Task objective:
Going down the listing below, print exactly each line from the one with "115, 116, 117" up to and including the one with "そのあとのギターソロでは、喜", and skip the rest.

Data section:

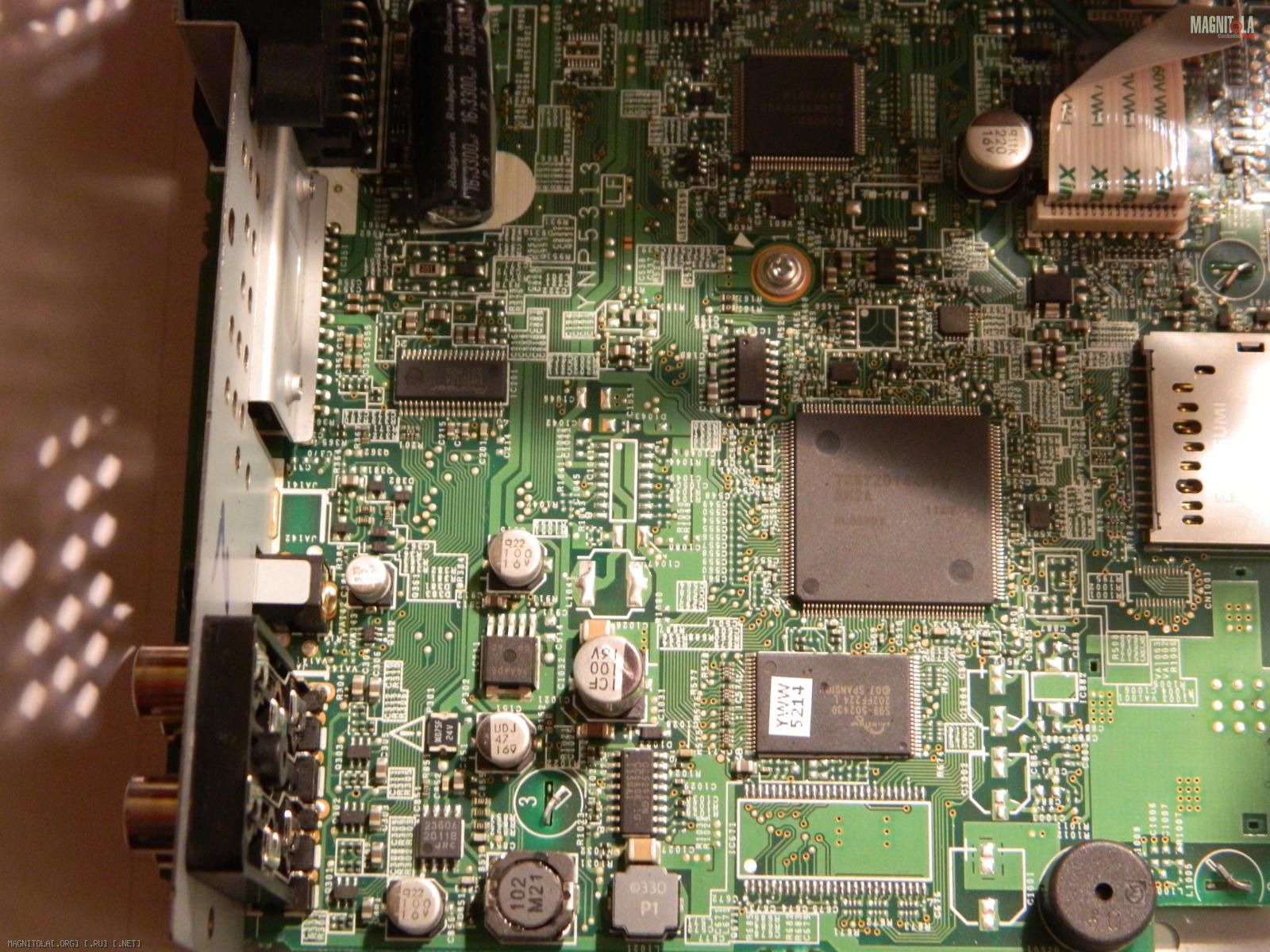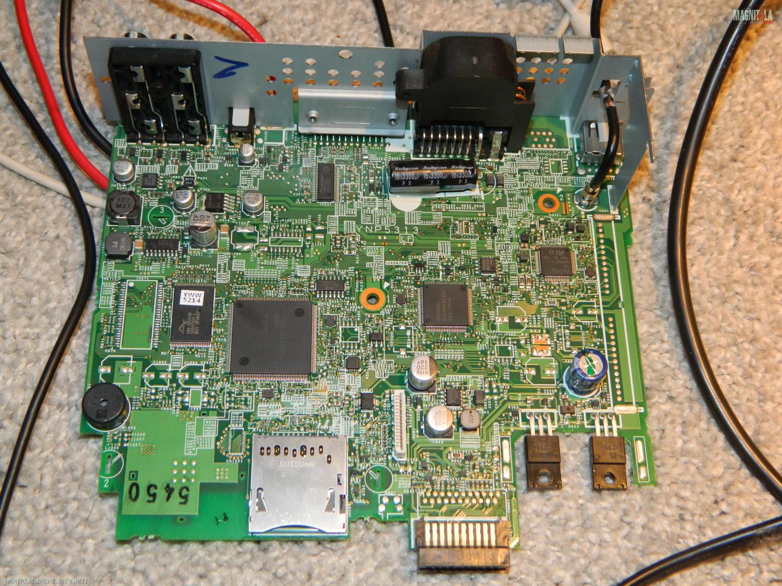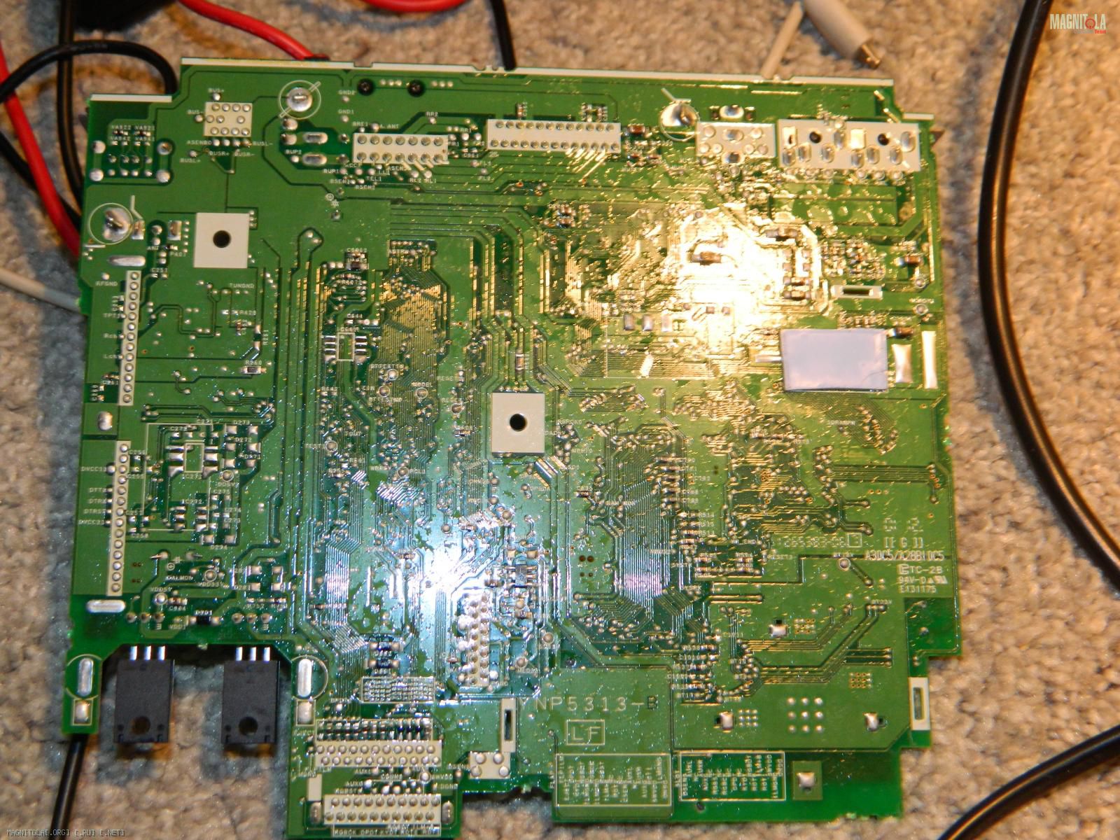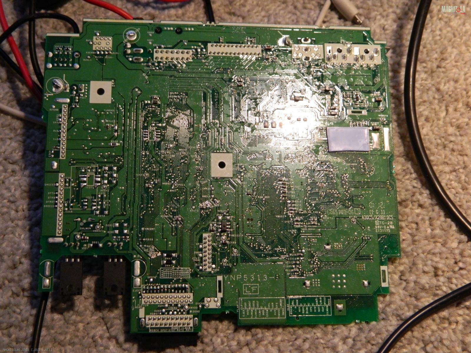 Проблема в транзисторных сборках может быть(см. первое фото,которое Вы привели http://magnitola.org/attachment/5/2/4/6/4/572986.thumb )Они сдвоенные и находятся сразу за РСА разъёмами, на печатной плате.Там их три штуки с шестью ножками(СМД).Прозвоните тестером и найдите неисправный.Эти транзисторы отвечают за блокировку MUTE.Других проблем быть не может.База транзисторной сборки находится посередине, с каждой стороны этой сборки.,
---
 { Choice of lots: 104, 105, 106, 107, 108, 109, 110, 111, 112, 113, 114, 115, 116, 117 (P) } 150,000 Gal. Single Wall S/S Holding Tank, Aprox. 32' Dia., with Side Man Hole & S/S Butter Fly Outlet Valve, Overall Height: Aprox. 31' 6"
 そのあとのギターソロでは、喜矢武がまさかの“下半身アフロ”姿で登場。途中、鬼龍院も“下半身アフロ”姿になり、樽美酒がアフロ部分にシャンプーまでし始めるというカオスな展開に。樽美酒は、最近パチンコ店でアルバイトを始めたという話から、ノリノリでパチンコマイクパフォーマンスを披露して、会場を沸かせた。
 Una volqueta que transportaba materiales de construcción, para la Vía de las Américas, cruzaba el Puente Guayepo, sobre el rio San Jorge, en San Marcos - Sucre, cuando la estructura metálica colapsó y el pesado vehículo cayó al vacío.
* * *
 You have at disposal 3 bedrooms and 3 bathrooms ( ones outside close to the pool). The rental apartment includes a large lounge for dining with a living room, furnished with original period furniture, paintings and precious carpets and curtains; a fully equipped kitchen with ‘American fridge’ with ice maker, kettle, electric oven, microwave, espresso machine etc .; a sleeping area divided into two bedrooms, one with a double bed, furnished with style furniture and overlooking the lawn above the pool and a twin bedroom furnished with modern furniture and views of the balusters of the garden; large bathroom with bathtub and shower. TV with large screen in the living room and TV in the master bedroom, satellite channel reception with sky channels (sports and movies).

Response:
 { Choice of lots: 104, 105, 106, 107, 108, 109, 110, 111, 112, 113, 114, 115, 116, 117 (P) } 150,000 Gal. Single Wall S/S Holding Tank, Aprox. 32' Dia., with Side Man Hole & S/S Butter Fly Outlet Valve, Overall Height: Aprox. 31' 6"
 そのあとのギターソロでは、喜矢武がまさかの“下半身アフロ”姿で登場。途中、鬼龍院も“下半身アフロ”姿になり、樽美酒がアフロ部分にシャンプーまでし始めるというカオスな展開に。樽美酒は、最近パチンコ店でアルバイトを始めたという話から、ノリノリでパチンコマイクパフォーマンスを披露して、会場を沸かせた。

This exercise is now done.